START Given data

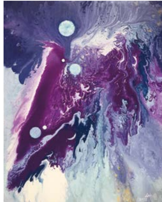
天目一宇宙系列（四） 30F 2018 壓克力.油彩
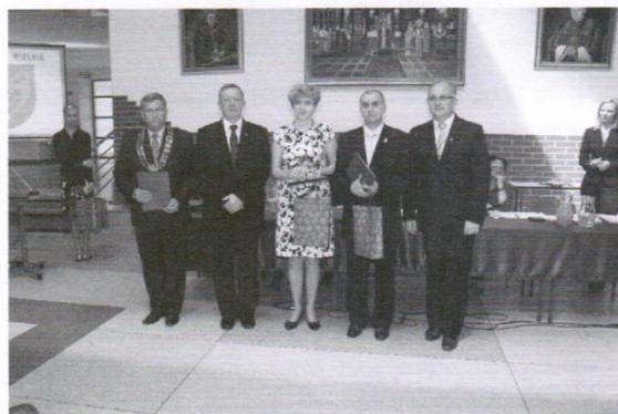
RADNI DO RADY POWIATU Z GMINY TRĄBKIE WIELKIE
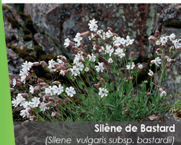
Silène de Bastard ( Silene vulgaris subsp. bastardii )
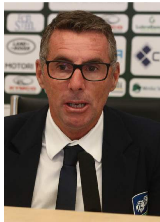
Direttore sportivo della Feralpi Salò

END Given data

> _Assigned task_
Without including any pictures, print all of the material exactly as given.

> _Exercise answer_
天目一宇宙系列（四） 30F 2018 壓克力.油彩
RADNI DO RADY POWIATU Z GMINY TRĄBKIE WIELKIE
Silène de Bastard ( Silene vulgaris subsp. bastardii )
Direttore sportivo della Feralpi Salò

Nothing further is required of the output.